One-line Local Development Environment (No Auth)

The platform and it's dependency services, Kafka, Cassandra and PostgreSQL, can run locally using Docker Compose.

# Bring up hmda-platform, hmda-analytics, institutions-api
docker-compose up

The entire filing plaform can be spun up using a one line command. Using this locally running instance of Platform One, no authentication is needed.

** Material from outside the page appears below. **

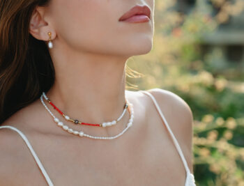 Our “Puglia Cube Pearl Necklace” with handpicked freshwater pearls and stainless steel tubes along with glass cubes. It’s bold but lightweight and can be worn all year round! It takes you back to that trip to Puglia where gelato was all that mattered!

# Bring up the hmda-platform
docker-compose up hmda-platform

Additionally, there are several environment varialbes that can be configured/changed. The platform uses sensible defaults for each one. However, if required they can be overridden:

CASSANDRA_CLUSTER_HOSTS
CASSANDRA_CLUSTER_DC
CASSANDRA_CLUSTER_USERNAME
CASSANDRA_CLUSTER_PASSWORD
CASSANDRA_JOURNAL_KEYSPACE
CASSANDRA_SNAPSHOT_KEYSPACE
KAFKA_CLUSTER_HOSTS
APP_PORT
HMDA_HTTP_PORT
HMDA_HTTP_ADMIN_PORT
HMDA_HTTP_PUBLIC_PORT
MANAGEMENT_PORT
HMDA_CASSANDRA_LOCAL_PORT
HMDA_LOCAL_KAFKA_PORT
HMDA_LOCAL_ZK_PORT
WS_PORT

Automated Testing

The HMDA Platform takes a rigorous automated testing approach. In addtion to Travis and CodeCov, we've prepared a suite of Newman test scripts that perform end-to-end testing of the APIs on a recurring basis. The testing process for Newman is containerized and runs as a Kubernetes CronJob to act as a monitoring and alerting system. The platform and microservices are also testing for load by using Locust.

Postman Collection

In addition to using Newman for our internal testing, we've created a HMDA Postman collection that makes it easier for users to perform a end-to-end filing of HMDA Data, including upload, parsing data, flagging edits, resolving edits, and submitting data when S/V edits are resolved.

API Documentation

The HMDA Platform Public API Documentation is hosted in the HMDA Platform API Docs repo and deployed to GitHub Pages using the gh-pages branch.

Sprint Cadence

Our team works in two week sprints. The sprints are managed as Project Boards. The backlog grooming happens every two weeks as part of Sprint Planning and Sprint Retrospectives.

Code Formatting

Our team uses Scalafmt to format our codebase.

Development Process

Below are the steps the development team follows to fix issues, develop new features, etc.

  1. Create a fork of this repository
  2. Work in a branch of the fork
  3. Create a PR to merge into master
  4. The PR is automatically built, tested, and linted using: Travis, Snyk, and CodeCov
  5. Manual review is performed in addition to ensuring the above automatic scans are positive
  6. The PR is deployed to development servers to be checked using Newman
  7. The PR is merged only by a separate member in the dev team

Contributing

CFPB is developing the HMDA Platform in the open to maximize transparency and encourage third party contributions. If you want to contribute, please read and abide by the terms of the License for this project. Pull Requests are always welcome.

Issues

We use GitHub issues in this repository to track features, bugs, and enhancements to the software.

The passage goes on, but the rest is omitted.